In REFLEX, the most frequently reported adverse events that occurred with Rituxan were primarily infusion-associated. Serious adverse events occurred in 7% of patients receiving Rituxan and methotrexate compared to 10% in patients receiving placebo and methotrexate. Less than 1% of acute infusion reactions were serious. The incidence of serious infections was 2% in Rituxan-treated patients and 1% in placebo-treated patients.

Rituxan is the first treatment for rheumatoid arthritis that selectively targets CD20-positive B-cells. Through this unique mechanism of action, Rituxan may affect multiple pathways by which B-cells are believed to contribute to the initiation and development of rheumatoid arthritis.

Yesterday’s news is good for Rituxan and rheumatoid arthritis patients alike; it also establishes a clear proof of concept for the development of other B cell-targeted therapies for the treatment of rheumatoid arthritis, other autoimmune disorders.

Another B-cell target that has considerable promise is BAFF (also known as BLyS). This target is fully evaluated in our recent report BAFF & APRIL: Emerging Targets for autoimmune disease & Cancer Therapeutics - Proof of concept, indications and development activity

BAFF plays a key part in the control of B-cell biology in secondary lymphatic organs. In particular BAFF stimulates the maturation and survival of B-cells within germinal centers of the spleen, other lymphatic organs and lymph nodes.

There is particularly good evidence to support a role of BAFF in the etiology of rheumatoid arthritis, and especially in a subset of patients with synovial germinal centers. BAFF is able to promote the production of rheumatoid factor while its blockade is able to prevent the progression of an animal model of disease. Blockade is also able to reduce IgG release by human synovial tissue suggestive of clinical efficacy.

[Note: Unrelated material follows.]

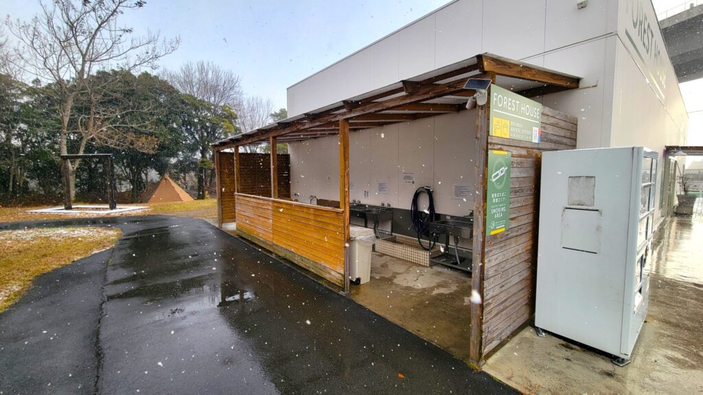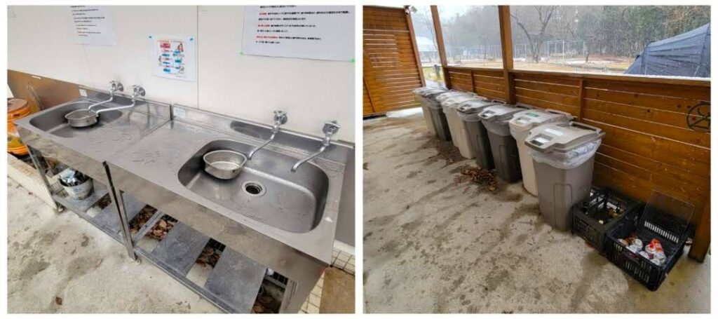 蛇口は6口あり、お湯も出るため、冬場でも快適に利用できます。また、焚き火台専用の洗い場とゴミステーションがあり、ゴミ袋の指定はなく、無料で処分可能です。

In patients, articular BAFF levels are increased, and convincingly, Human Genome Science’s phase II study of the neutralizing anti-BAFF monoclonal antibody LymphoStat-B revealed an ACR 20 response in 35% of patients as compared to 16% in controls. ZymoGenetics is also targeting BAFF for the treatment of rheumatoid arthritis.

One particular advantage of blocking BAFF and/or APRIL for the treatment of rheumatoid arthritis is that this approach may improve both the efficacy and safety of TNF blocking drugs. One risk associated with TNF therapies is the development of lymphoma but since targeting the BAFF family appears to be an approach to this cancer, a therapeutic such that blocks BAFF is appealing in a combination therapy.

Hopefully yesterday’s news on Rituxan will mark the start of a new era in the treatment of autoimmune disease.